Witz über Haarausfall: Betroffene versteht Ohrfeige auf Oscar-Bühne
Als Mediatorin und hauptberufliche Krisen- und Kommunikationsmanagerin hat Barbara Hörndler für Ohrfeigen und gewalttätige Wutausbrüche keine Sympathie übrig. Doch für die Aktion des Hollywood-Stars Will Smith, der Sonntagnacht auf der Oscar-Bühne in Los Angeles den Komiker Chris Rock ohrfeigte, weil dieser über seine kahlköpfige Frau witzelte, zeigt die Niederösterreicherin durchaus Verständnis.
„Gewalt ist keine Lösung, aber Witze über die Frisur von Frauen gehen ebenfalls gar nicht. Manche Frisur sucht sich frau nicht aus. So wie ich und Jada Pinkett Smith mit der Autoimmunerkrankung #alopeciauniversalis“, schrieb Hörndler auf Facebook.

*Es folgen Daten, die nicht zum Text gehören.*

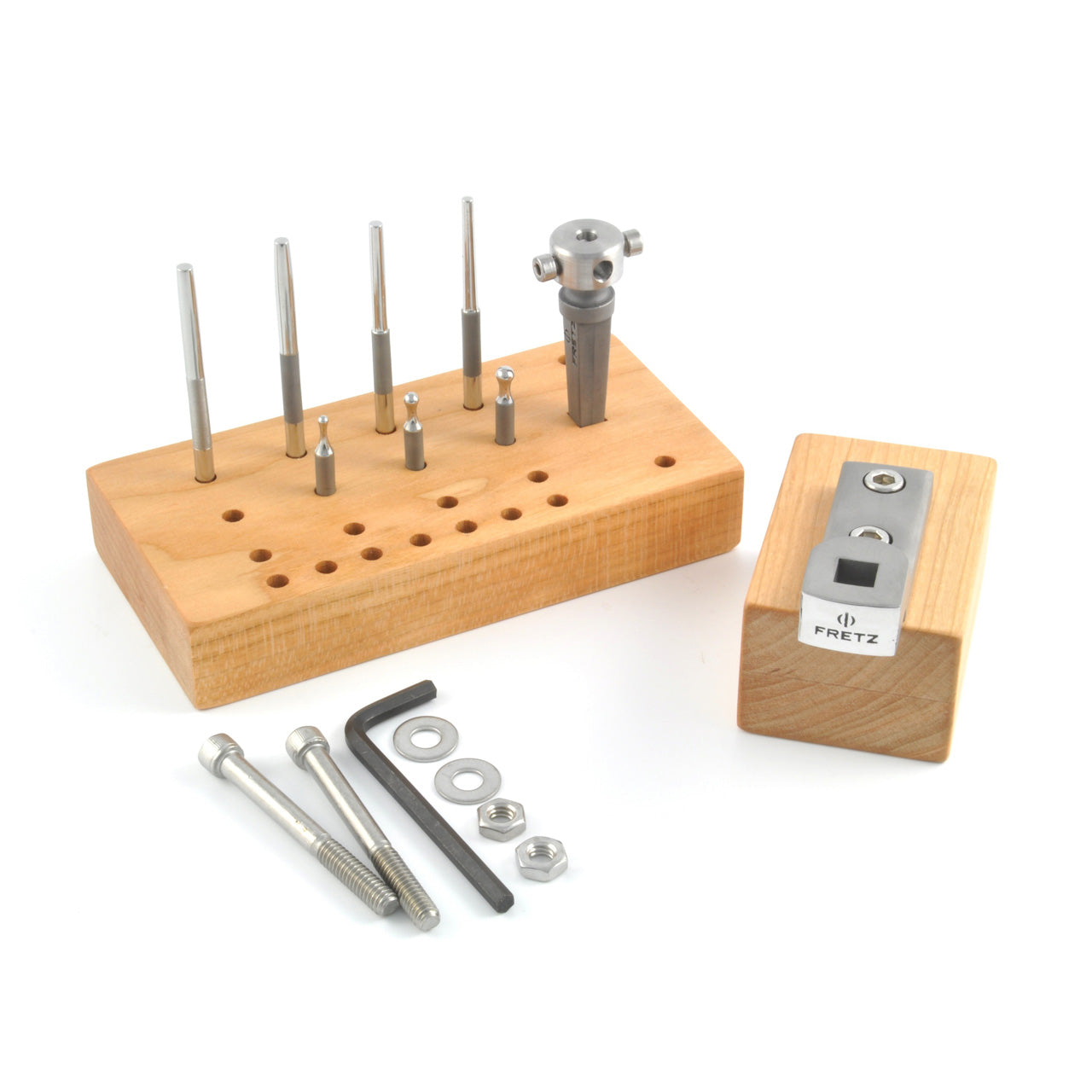This H-2 Micro Stake Set from Fretz includes four Micro Mandrels for forming incredibly tight curves and three Micro Mushroom Stakes for doming bezels. The Stake Holder and Vice Block ensure the stake stays still, so you can use one hand to hold your project and the other to hammer. All Fretz miniature stakes are made from hardened 420 stainless steel that have been given a high polish making them robust and beautiful while protecting your workpieces from scratches. Made in Vietnam.

Fünf Jahre ist es her, dass sie durch die Autoimmunreaktion „Alopecia areata“ büschelweise ihre blonden Haare verlor. Jada Pinkett Smith durchlebte dasselbe Schicksal. Zuerst massiv geschockt und dann mit professioneller Hilfe psychisch gefestigt, entschied sich Hörndler, so wie die Schauspielerin, gegen Perücken und für ein kahles Haupt.
Stich ins Herz
„Es gehört eine ordentliche Portion Mut dazu, wenn eine Frau zu ihrer ‚Nicht-Haar-Frisur‘ steht und keine Perücke trägt“, schrieb Hörndler. Ihr kahler Kopf sei zwar nur selten ein Thema, „dennoch kenne ich die Blicke, Kommentare und Witze nur zu gut. Meistens perlen sie an mir ab, oft lache ich bei den Witzen mit, weil es ja auch wichtig ist, dass man über sich selbst lachen kann. Aber in Wirklichkeit ist es ein Stich mitten ins Herz. Eine Grenzverletzung, auf die ich nicht immer angemessen reagieren kann“, gab Hördler ihren Facebook-Freunden Einblick in ihr Inneres.
In solchen Momenten wünsche sie jeder Frau einen Menschen an ihrer Seite, der wie Will Smith die emotionale Verletzung erkenne und für (s)eine Frau aufstehe und sie beschützt. „Es muss ja keine Watschn sein“, schrieb die Mostviertlerin noch.
„Als ich am Montag diese Aktion von Will Smith mitbekommen habe, war ich sowohl von meiner persönlichen, als auch von meiner beruflichen Seite her emotional völlig gepackt“, erzählt die 40-jährige Unternehmerin aus Waidhofen/Ybbs über ihre Betroffenheit.
Spontanaktion
Gerade der Umgang mit verbaler Gewalt gegen Menschen außerhalb der Norm sei ein gerne unterdrücktes Thema in unserer Gesellschaft, empfindet Hörndler. Den Kommentar habe sie dann spontan abgesetzt, die vielen Likes und Kommentare darauf freuen sie. Dass das Thema just auf der Oscar-Bühne der US-Traumfabrik eskalierte, erinnere sie auch an den Start der „Me Too“-Debatte.
Der heimtückische Haarausfall namens „Alopecia areata“ beschäftigt Barbara Hörndler laufend. Grundsätzlich gelte die Erkrankung als unheilbar, erklärt sie. Bei manchen Patienten setze der Haarwuchs wieder ein, vor dem neuerlichen Ausfall sei man aber nie gefeit. In den USA wird mit Immunsuppressiva behandelt. Dabei bestehe das große Risiko, dass der Immunschutz generell geschwächt wird. „Ich hatte eine schwere Corona-Erkrankung, da war ich froh, dass ich mein Immunsystem zuvor nicht noch zusätzlich geschwächt hatte“, erinnert sich Hörndler an dramatische Wochen im Jahr 2020.